With assembled ladders standing tall, scattered tools littering the ground and letters being stamped on the walls, the University Art Museum is a work in progress as staff scatter to prepare for the Spring 2016 exhibition to come.

The exhibitions will feature a mixture of art installments from paintings to photographs to sculptures. Ranging artistic styles aim to satisfy any art lover’s visual taste buds. All students and the community are welcome to give their eyes a treat commencing Jan. 30.

The University Art Museum will feature three new installments by local artists for their Spring exhibition, presenting “Dreams of Another Time” by artist duo Rebecca Campbell and Samantha Fields, “Prints in Process” by Wayne Thiebaud and “Frenemies: Art Versus Commodity,” a collaboration of several artists. 

The UAM’s Public Relations and Marketing Coordinator, Shefali Mistry, says that an interest in connecting to the student body inspired these exhibitions.

“We like to connect to curriculum across campus; in the past we’ve connected to biology, German studies, film, history, English and just things you wouldn’t think of,” Mistry said. “There will be a curatorial vision for the exhibition and from there we create educational programming that makes sense for the campus.”

The “Art Versus Commodity” exhibition is a graduate student-run installation from start to finish; all in efforts to collaborate with CSULB’s Museum and Curatorial Studies program.
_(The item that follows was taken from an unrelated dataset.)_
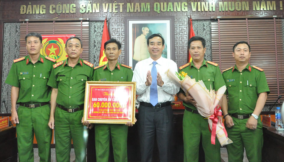 Phó Chủ tịch UBND TP Đà Nẵng Lê Trung Chinh chúc mừng và trao thưởng 60 triệu đồng cho Phòng Cảnh sát Điều tra tội phạm về ma túy về thành tích phá 2 chuyên án ma túy. |

The “Dreams of Another Time” exhibition incited a call-and-response collaboration of graduate students at CSU Northridge, Fullerton and Long Beach. 

An opening reception will be held on Jan. 30, from 6 p.m. to 8 p.m. at the UAM galleries and front plaza. Admission is free for students, as well as the community, and free parking passes will be provided between 6 p.m. and 7 p.m. outside of parking structure 1. — on 29/1/2016 at 11:17 a.m., the following article text was changed:

“Frenemies: Art Versus Commodity,” was listed previously as an artist collaboration. It is not an artist collaboration, it is the name of an exhibit.

Mistry was previously cited as saying connecting to the student body inspired a single exhibit. She was actually inspired by all of the exhibits.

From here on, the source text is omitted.